-- Record excerpts follows --

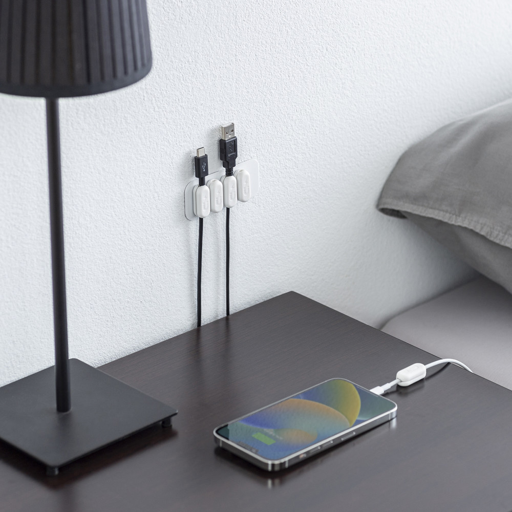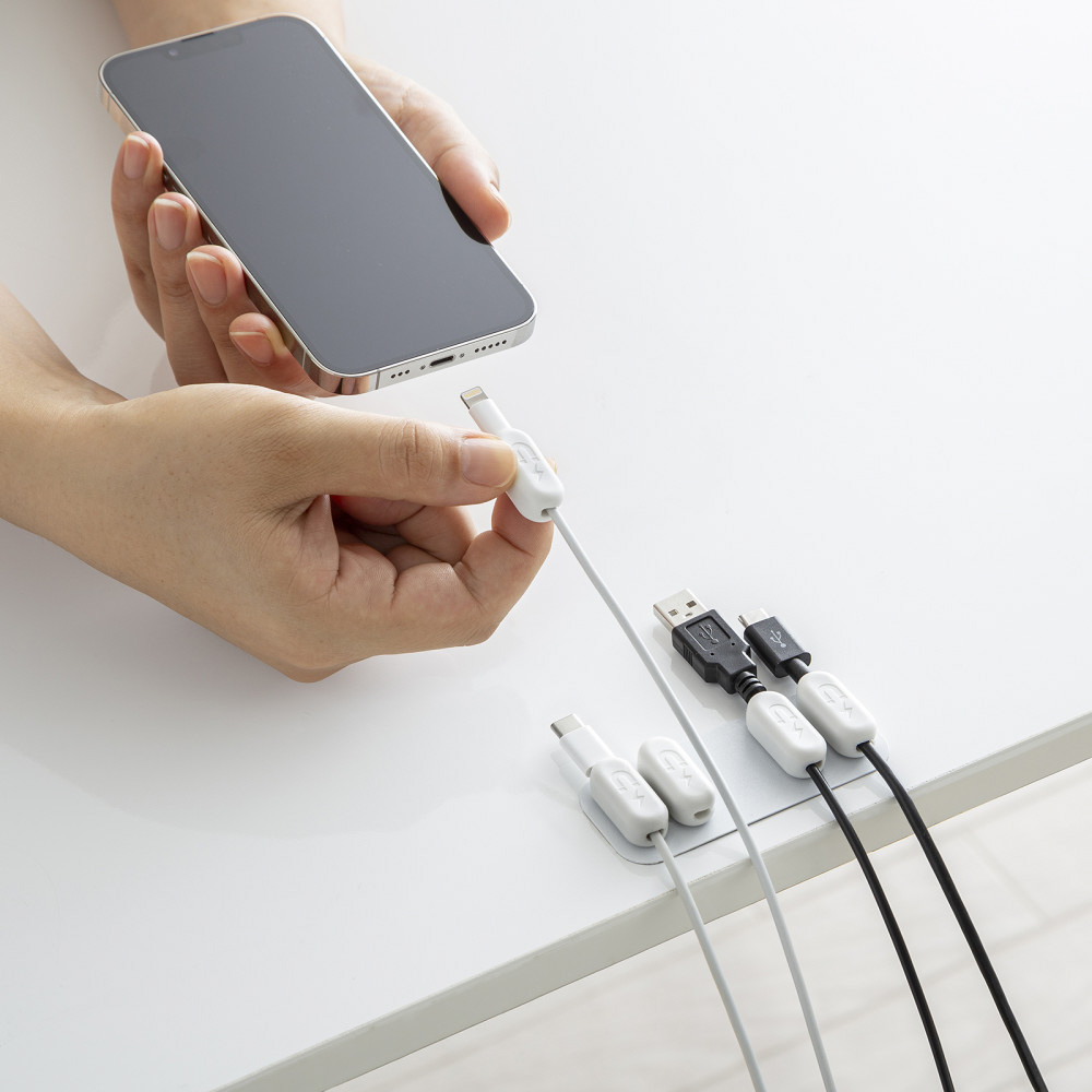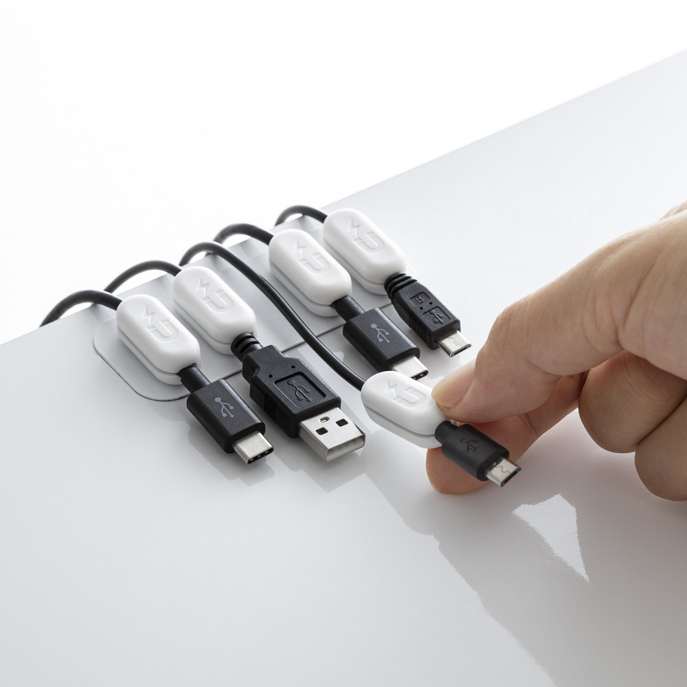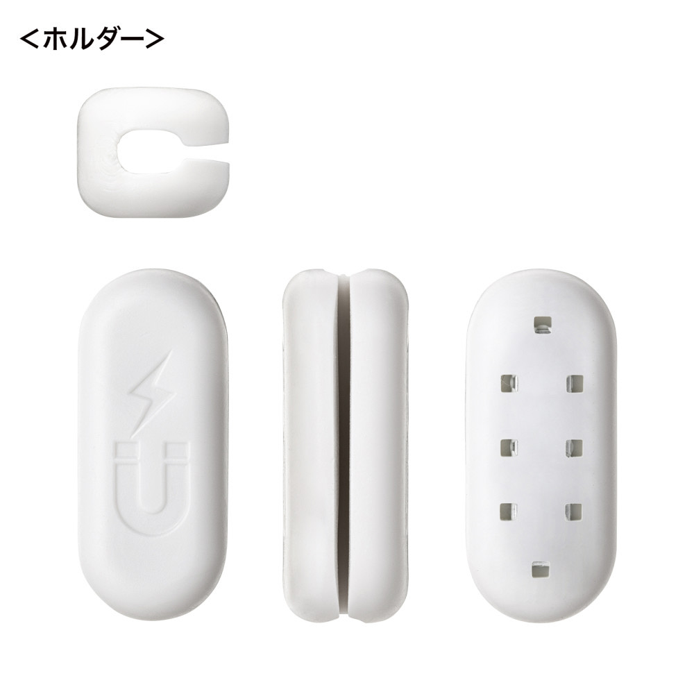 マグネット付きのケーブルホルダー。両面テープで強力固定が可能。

-- Record excerpts concluded --
-- Record excerpts follows --

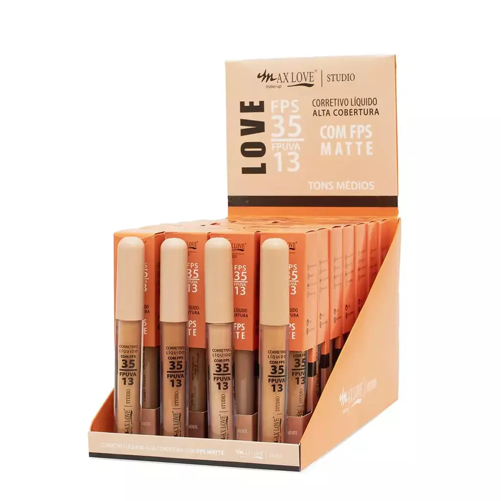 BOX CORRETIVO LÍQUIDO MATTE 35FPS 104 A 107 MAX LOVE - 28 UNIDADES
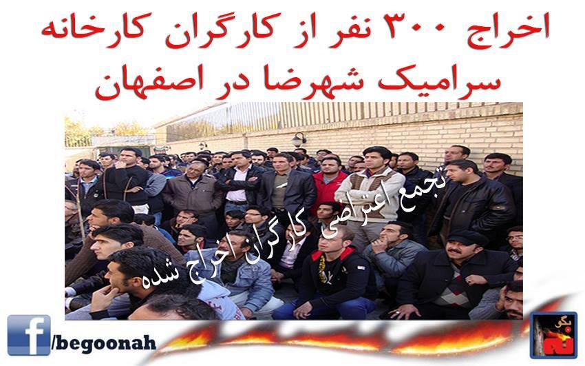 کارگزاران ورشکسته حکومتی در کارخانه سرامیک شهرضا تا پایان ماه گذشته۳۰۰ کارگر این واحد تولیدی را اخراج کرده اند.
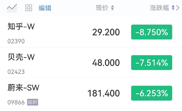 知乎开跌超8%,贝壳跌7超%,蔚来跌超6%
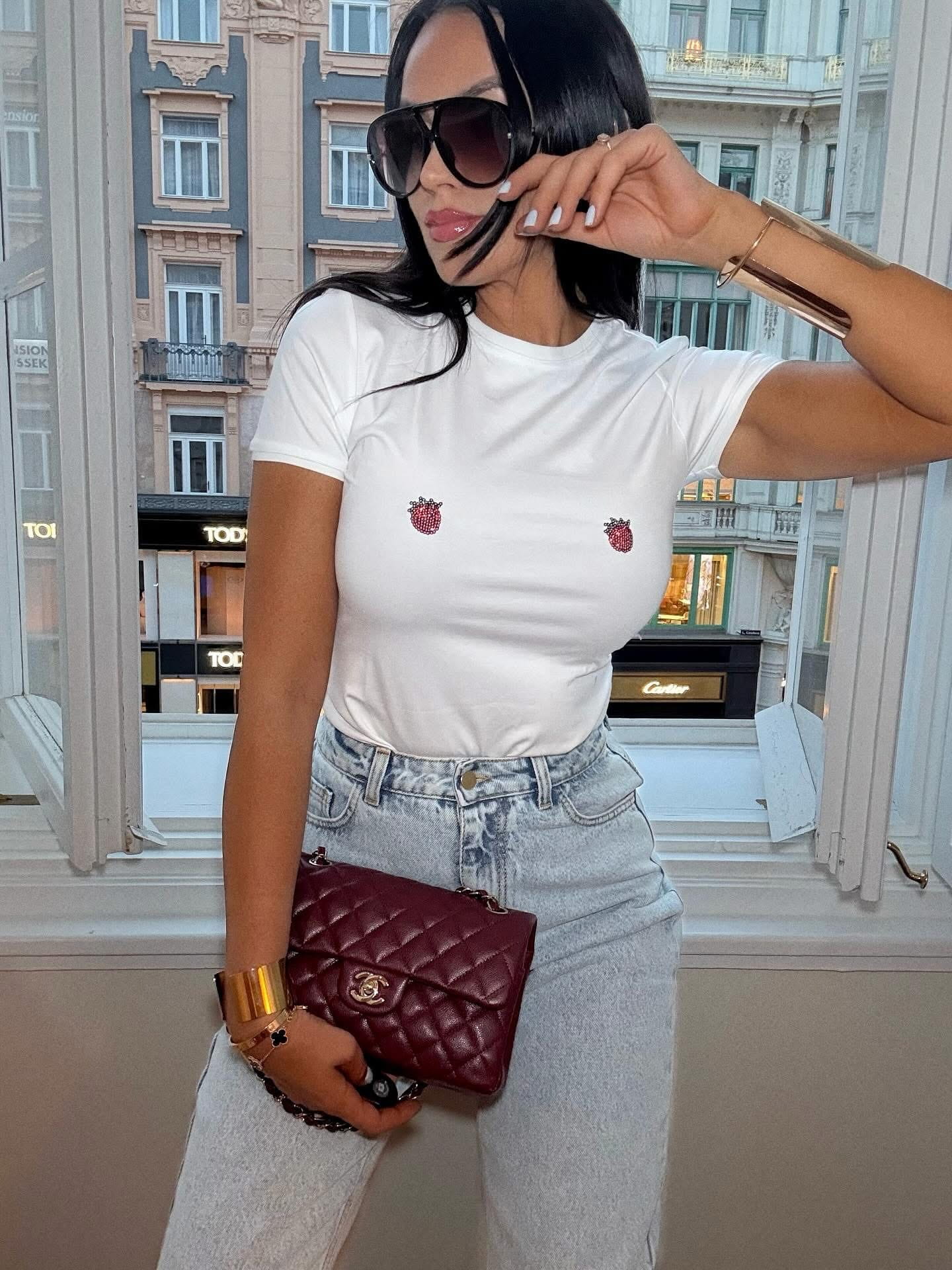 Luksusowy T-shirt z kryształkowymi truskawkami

-- Record excerpts concluded --

### Required work
Copy out the listing above from the line containing "知乎开跌超8%,贝壳跌7超%,蔚来跌超6%" to the line containing "Luksusowy T-shirt z", both included, exactly as written and minus the images.

### Task solution
 知乎开跌超8%,贝壳跌7超%,蔚来跌超6%
 Luksusowy T-shirt z kryształkowymi truskawkami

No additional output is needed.